======== Stored data
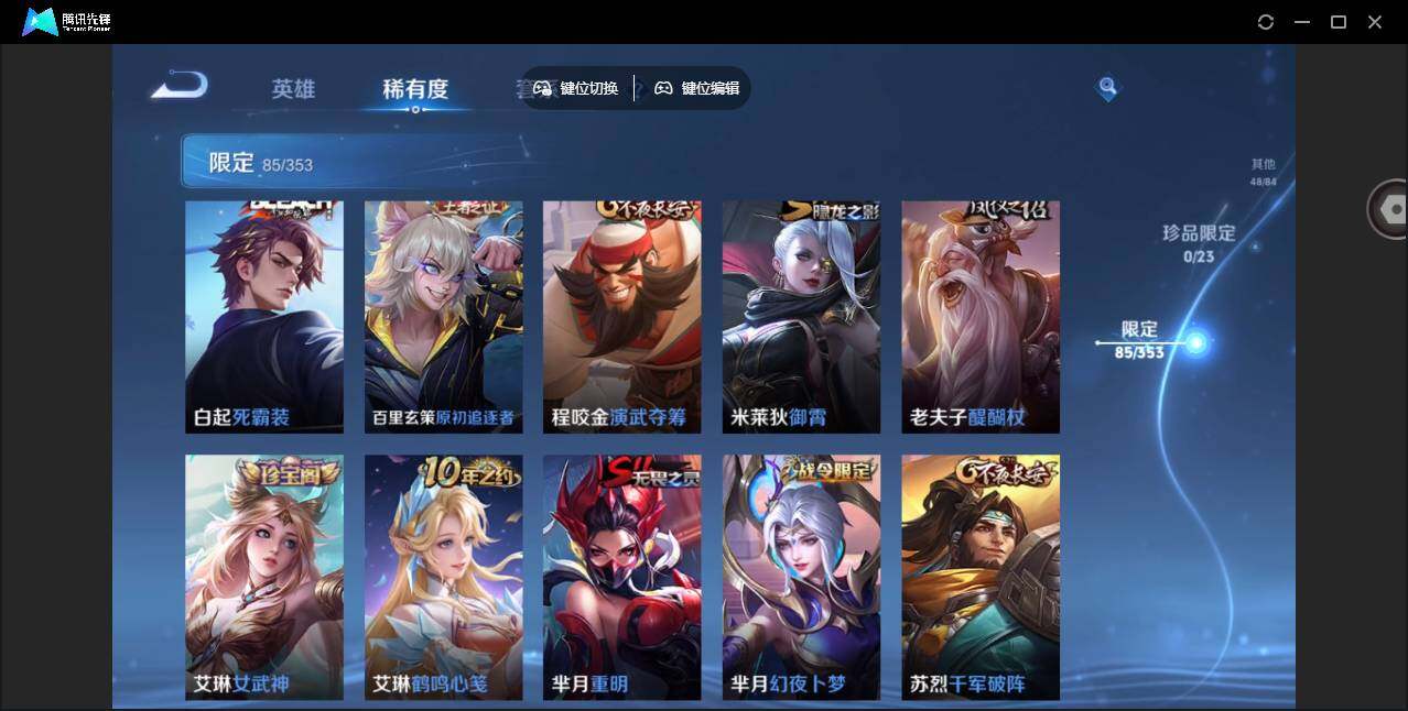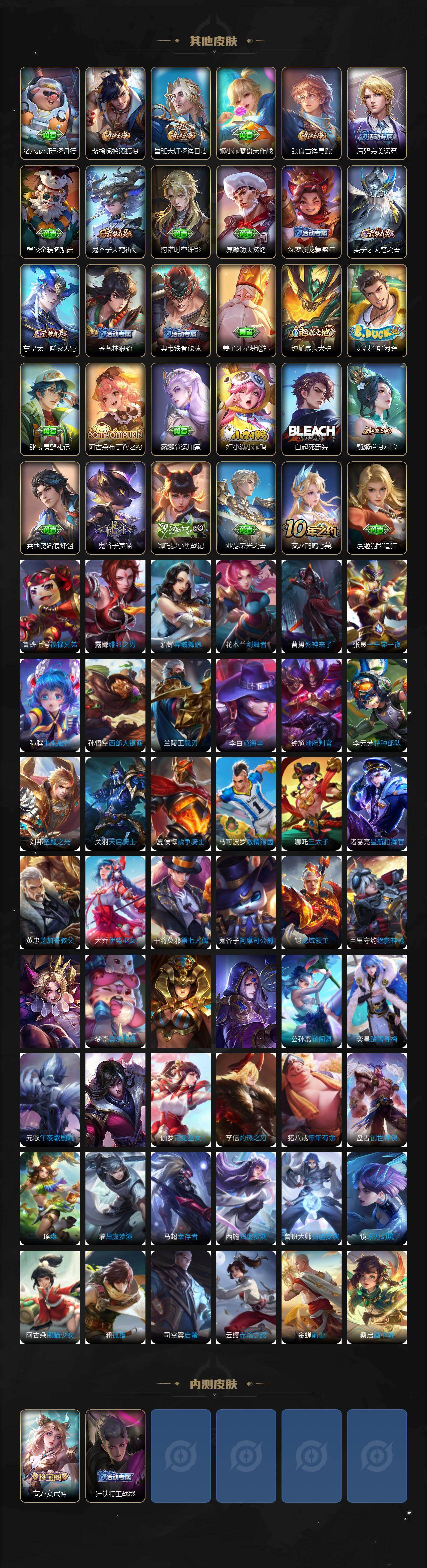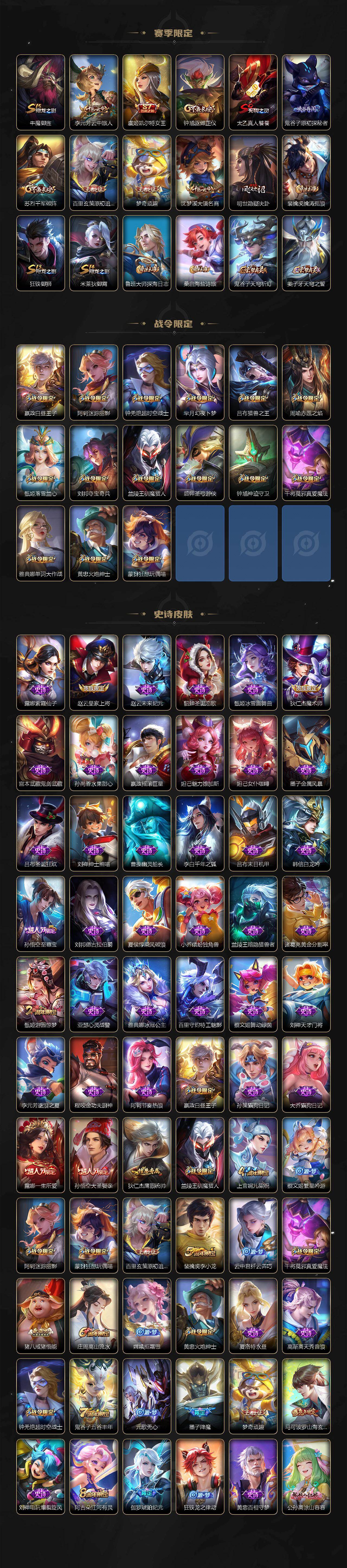 【限定皮肤】:白起狰,姜子牙天穹之誓,狄仁杰阴阳师,虞姬凯尔特女王,赵云皇家上将,墨子降魔,嬴政白昼王子,孙尚香异界灵契,庄周
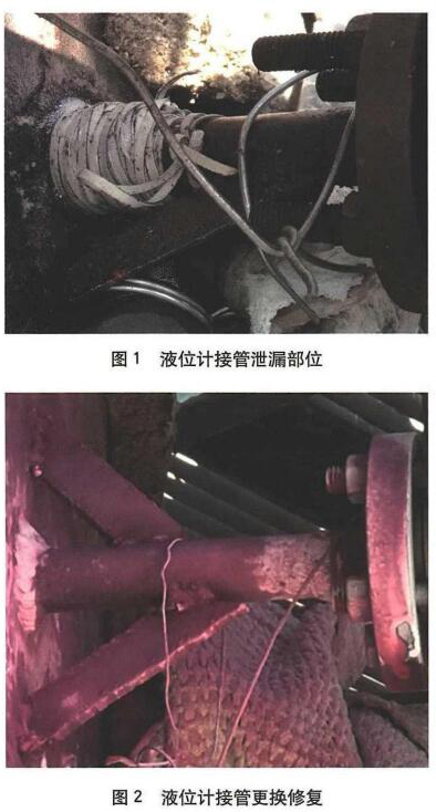 圖1是分離罐液位計接管泄漏部位,圖2則是停工搶修更換并經檢查合格的丙酸液位計接管。泄漏發生在丙酸液位計接管靠近罐體部位(臨時用白色膠帶纏繞處),修復后的丙酸液位計接管仍釆用原設計結構,但接管壁厚增加,變更為必25x4mm。
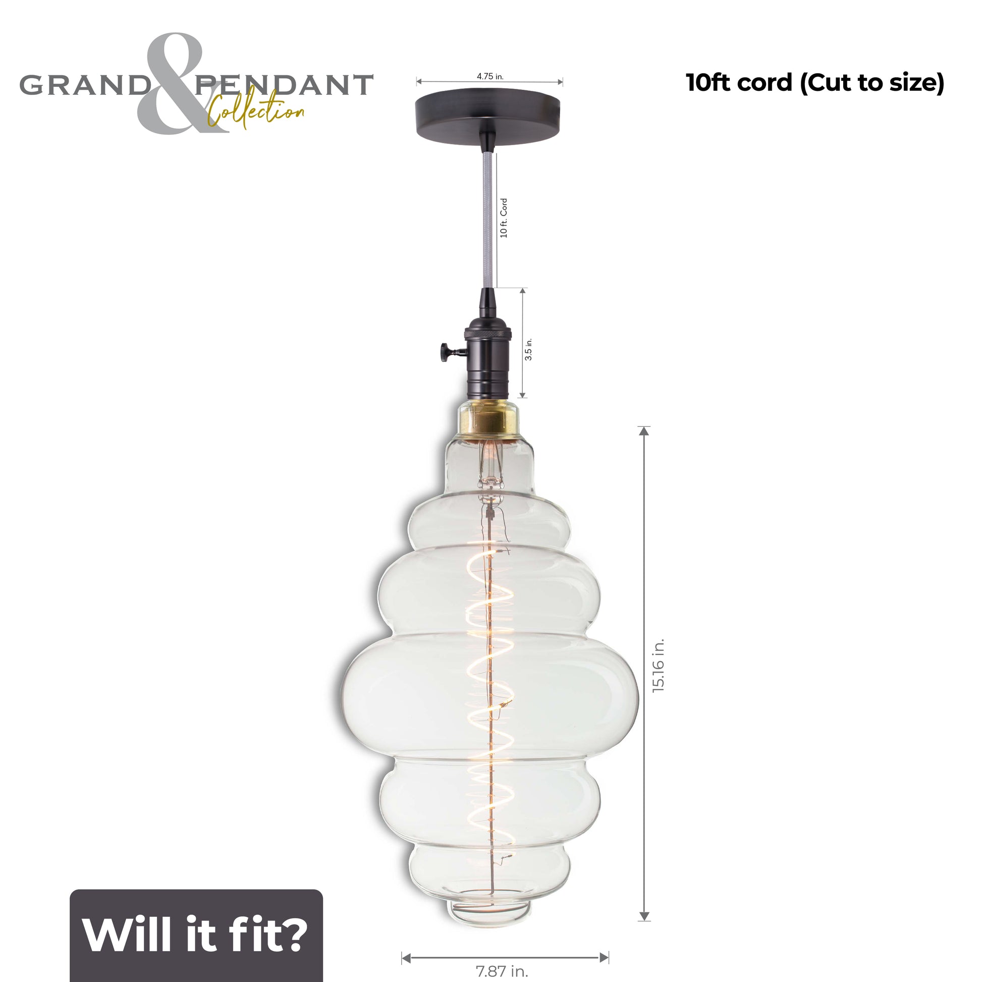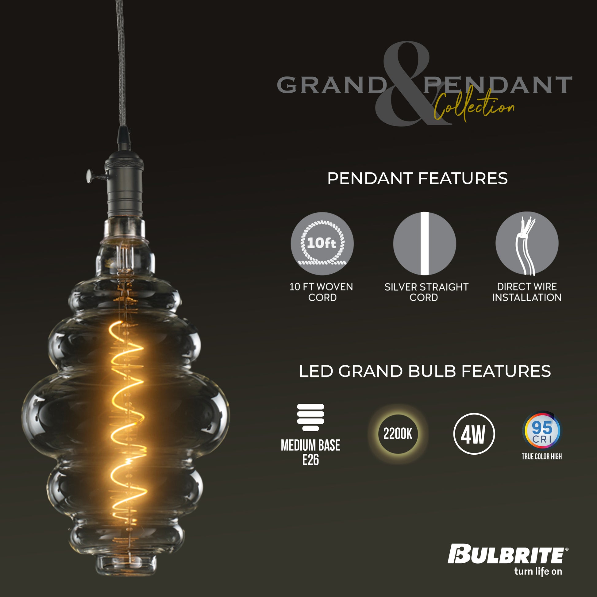 BULBRITE FIXTURES DIRECT WIRE PENDANT KIT VINTAGE GUNMETAL SOCKET WITH SILVER CORD AND LED BEEHIVE SHAPED MEDIUM SCREW (E26) 4W DIMMABLE GRAND NOSTALGIC FILAMENT LIGHT BULB 2200K/AMBER 60W INCANDESCENT EQUIVALENT 1PK (810082)
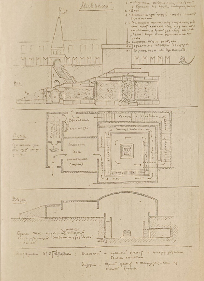 翌日清晨,就必须开始拆除观礼台、开挖陵墓地基与墓穴。在着手绘制陵墓草图前,我邀请了列昂尼德·亚历山大罗维奇·韦斯宁与建筑师安季波夫一同商议陵墓的建筑设计原则。在会议中我提出,陵墓的轮廓不应追求高耸,而应采用阶梯式造型。”
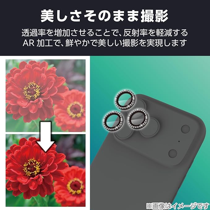 端末のカメラレンズを傷や汚れから守るリアルガラスを採用し、周囲にラインストーンで装飾したカメラレンズ保護ガラスフィルムです。
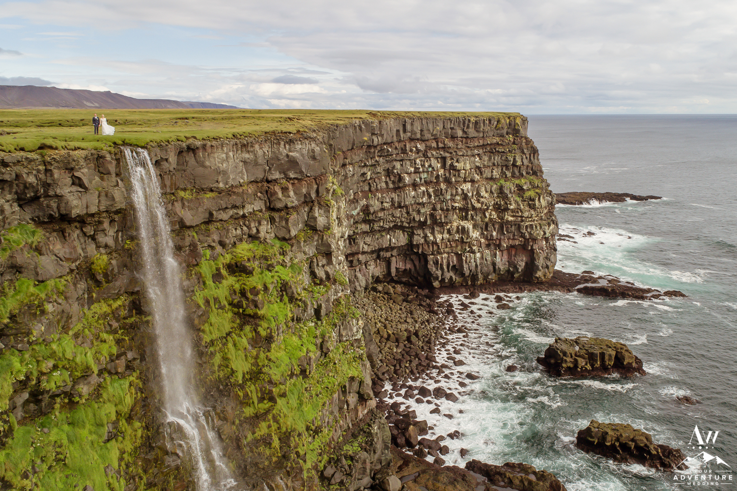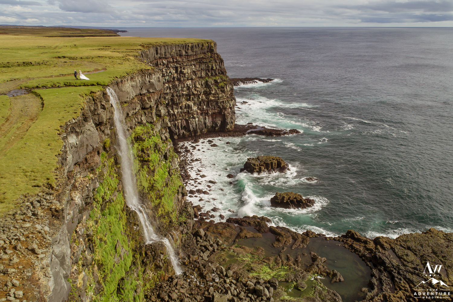Our Iceland wedding photography team love having the opportunity to fly their drone for epic wedding photos! Another set of textured sea cliffs and waterfall on private property was ideal for it! Conditions were amazing and Laura and Oli looked incredible up there exploring and bird watching without the Reykjanes Peninsula!
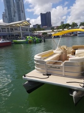*The rates include gas. * cooller with ice * Floating mat Today , pontoon boats are one of the most popular types of boats in the world. They are also very comfortable and easy to drive which offers a great walk and an unforgettable walk along our beautiful beaches. The 2020 Godfrey Marine Sweetwater 2486 combines comfort and luxury with flexible hand-stitched vinyl; The boat is equipped with a stereo system with AUX cable, bluetooth, a small table and a Bimini top for much shadow; It can also be easily folded for sun lovers. We provide a refrigerator with ice, safety jackets and a boom box with captain upon request.
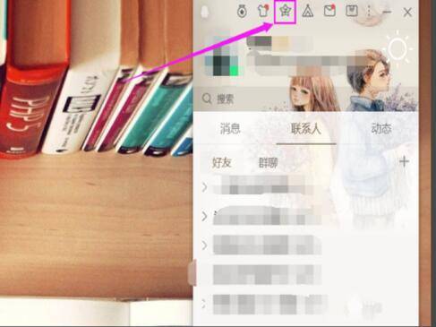 在QQ主界面中,点击最上方的五角星QQ空间符号;
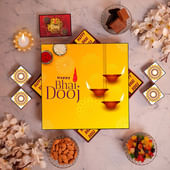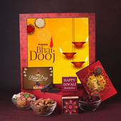 A Bhai Dooj gift box crafted to honour rituals and delight the senses. Presented in a festive red-gold design, it carries a medley of flavours to celebrate the bond of siblings. The crunch of premium almonds pairs beautifully with the sweetness of colourful mixed fruits, while tangy cranberries add a refreshing zing. Completing the box are rich chocolates, wrapped in elegant Bhai Dooj prints, offering indulgence in every bite. Thoughtfully curated with tradition and taste in mind, this box is more than just a present—it’s a heartfelt way to share joy, love, and festive cheer.
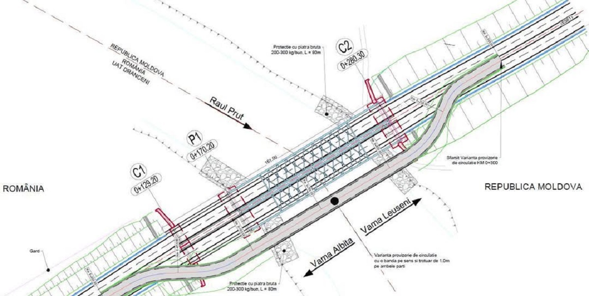 În vederea atingerii obiectivelor menționate anterior, pe perioada realizării lucrărilor de amenajare a podului peste râul Prut de pe DN24B la km 42+092 între Romania și Republica Moldova, traficul se va desfășura pe o variantă provizorie”, a susținut directorul executiv al APM Vaslui, Mihaela Budianu.
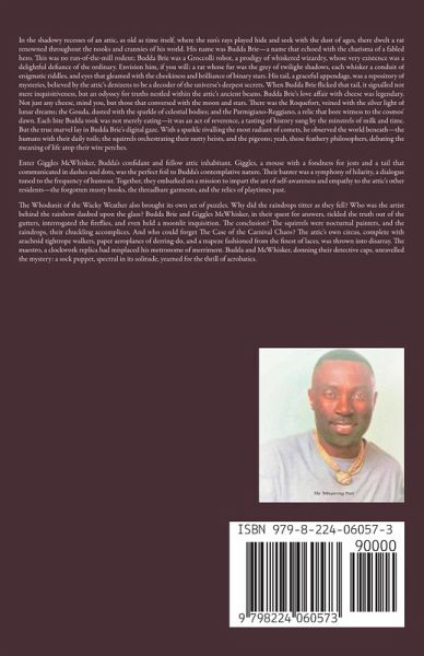 In the shadowy recesses of an attic, as old as time itself, where the sun's rays played hide and seek with the dust of ages, there dwelt a rat renowned throughout the nooks and crannies of his world. His name was Budda Brie-a name that echoed with the charisma of a fabled hero. This was no run-of-the-mill rodent; Budda Brie was a Groccolli robot, a prodigy of whiskered wizardry, whose very existence was a delightful defiance of the ordinary. Envision him, if you will: a rat whose fur was the grey of twilight shadows, each whisker a conduit of enigmatic riddles, and eyes that gleamed with the cheekiness and brilliance of binary stars. His tail, a graceful appendage, was a repository of mysteries, believed by the attic's denizens to be a decoder of the universe's deepest secrets. When Budda Brie flicked that tail, it signalled not mere inquisitiveness, but an odyssey for truths nestled within the attic's ancient beams. Budda Brie's love affair with cheese was legendary. Not just any cheese, mind you, but those that conversed with the moon and stars. There was the Roquefort, veined with the silver light of lunar dreams; the Gouda, dusted with the sparkle of celestial bodies; and the Parmigiano-Reggiano, a relic that bore witness to the cosmos' dawn. Each bite Budda took was not merely eating-it was an act of reverence, a tasting of history sung by the minstrels of milk and time. But the true marvel lay in Budda Brie's digital gaze. With a sparkle rivalling the most radiant of comets, he observed the world beneath-the humans with their daily toils; the squirrels orchestrating their nutty heists, and the pigeons; yeah, those feathery philosophers, debating the meaning of life atop their wire perches. Enter Giggles McWhisker, Budda's confidant and fellow attic inhabitant. Giggles, a mouse with a fondness for jests and a tail that communicated in dashes and dots, was the perfect foil to Budda's contemplative nature. Their banter was a symphony of hilarity, a dialogue tuned to the frequency of humour. Together, they embarked on a mission to impart the art of self-awareness and empathy to the attic's other residents-the forgotten musty books, the threadbare garments, and the relics of playtimes past. "Emotions," Budda would muse, "are akin to the array of cheeses. Some are sharp, slicing through indifference; others are mellow, soothing the palate of the soul." Their escapades were many and varied. There was the Great Attic Caper, where the ancient timepiece sought forgiveness from the chipped porcelain, and the moth extended its pardon to the arachnid for its silken thefts. Yet, not all was harmonious. The Cheese Heist Hullabaloo saw the wedge of cheddar accuse the wheel of brie of hogging the limelight. "You're always the belle of the ball," the cheddar lamented. "Perhaps," the brie quipped with a smirk, "but you, my friend, are often too biting for your own good." And so, they engaged in a duel of dairy wits, lobbing puns as one might toss a well-aged Gruyère. The Whodunit of the Wacky Weather brought its own set of puzzles. Why did the raindrops titter as they fell? Who was the artist behind the rainbow daubed upon the glass? Budda Brie and Giggles McWhisker, in their quest for answers, tickled the truth out of the gutters, interrogated the fireflies, and even held a moonlit inquisition. The conclusion? The squirrels were nocturnal painters, and the raindrops, their chuckling accomplices. And who could forget The Case of the Carnival Chaos? The attic's own circus, complete with arachnid tightrope walkers, paper aeroplanes of derring-do, and a trapeze fashioned from the finest of laces, was thrown into disarray. The maestro, a clockwork replica had misplaced his metronome of merriment. Budda and McWhisker, donning their detective caps, unravelled the mystery: a sock puppet, spectral in its solitude, yearned for the thrill of acrobatics.
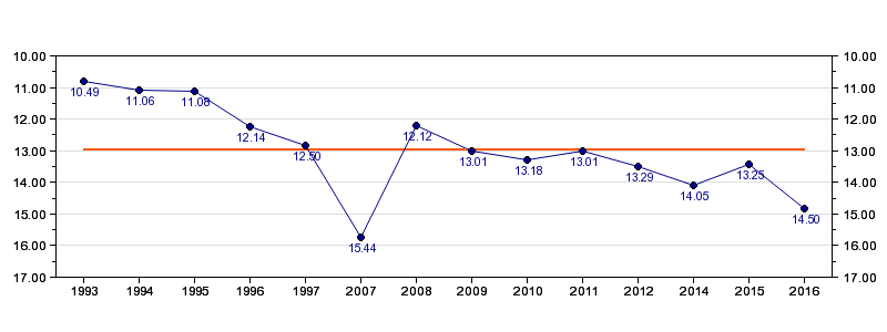 | Antall deltagelser | 14 (i perioden 1993 - 2016) |
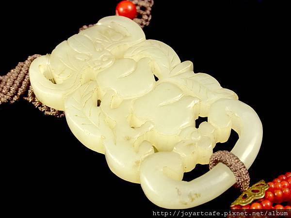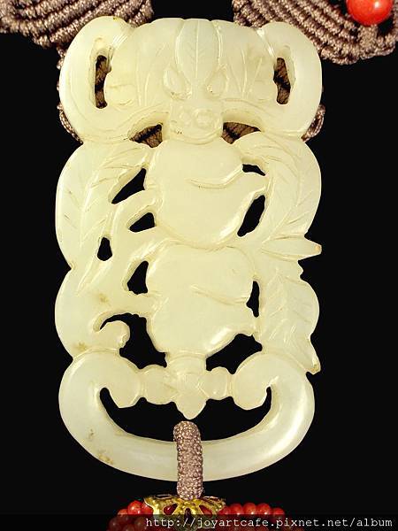 本件作品主體為:明代和闐白玉福壽雙全帶穿
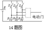 14.一个仓库有一扇电动门,门上装有三把电动锁,三个管理员各有一把锁的钥匙,只有三人同时转动自己的钥匙(闭合开关S1、S2、S3),才能把门打开。图中虚线框内符合要求的门电路为________(填“或门”、“与门”或“非门”)
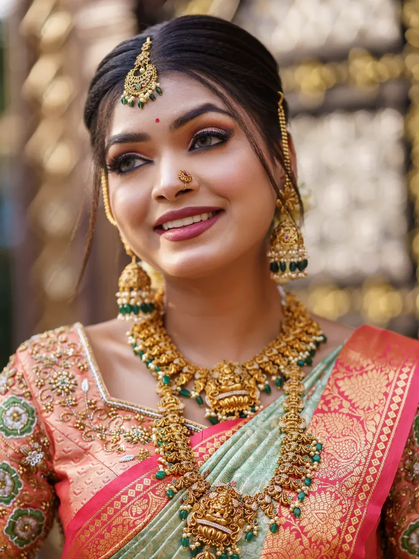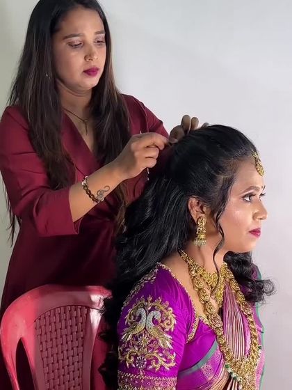 I specialize in creating timeless looks for South Indian brides, from the muhurtham to the reception. Whether you want a classic temple jewellery look with a silk saree or a modern interpretation, I ensure your makeup is flawless, long-lasting, and perfect for both in-person and on-camera moments. This includes expert saree draping and traditional hairstyling like the beautiful poola jada.
================
Try it => Copy every line exactly, from the opening line of the entries down to the line holding "端末のカメラレンズを傷や汚れ", and keep the pictures out.

Response area =>
 【限定皮肤】:白起狰,姜子牙天穹之誓,狄仁杰阴阳师,虞姬凯尔特女王,赵云皇家上将,墨子降魔,嬴政白昼王子,孙尚香异界灵契,庄周
 圖1是分離罐液位計接管泄漏部位,圖2則是停工搶修更換并經檢查合格的丙酸液位計接管。泄漏發生在丙酸液位計接管靠近罐體部位(臨時用白色膠帶纏繞處),修復后的丙酸液位計接管仍釆用原設計結構,但接管壁厚增加,變更為必25x4mm。
 BULBRITE FIXTURES DIRECT WIRE PENDANT KIT VINTAGE GUNMETAL SOCKET WITH SILVER CORD AND LED BEEHIVE SHAPED MEDIUM SCREW (E26) 4W DIMMABLE GRAND NOSTALGIC FILAMENT LIGHT BULB 2200K/AMBER 60W INCANDESCENT EQUIVALENT 1PK (810082)
 翌日清晨,就必须开始拆除观礼台、开挖陵墓地基与墓穴。在着手绘制陵墓草图前,我邀请了列昂尼德·亚历山大罗维奇·韦斯宁与建筑师安季波夫一同商议陵墓的建筑设计原则。在会议中我提出,陵墓的轮廓不应追求高耸,而应采用阶梯式造型。”
 端末のカメラレンズを傷や汚れから守るリアルガラスを採用し、周囲にラインストーンで装飾したカメラレンズ保護ガラスフィルムです。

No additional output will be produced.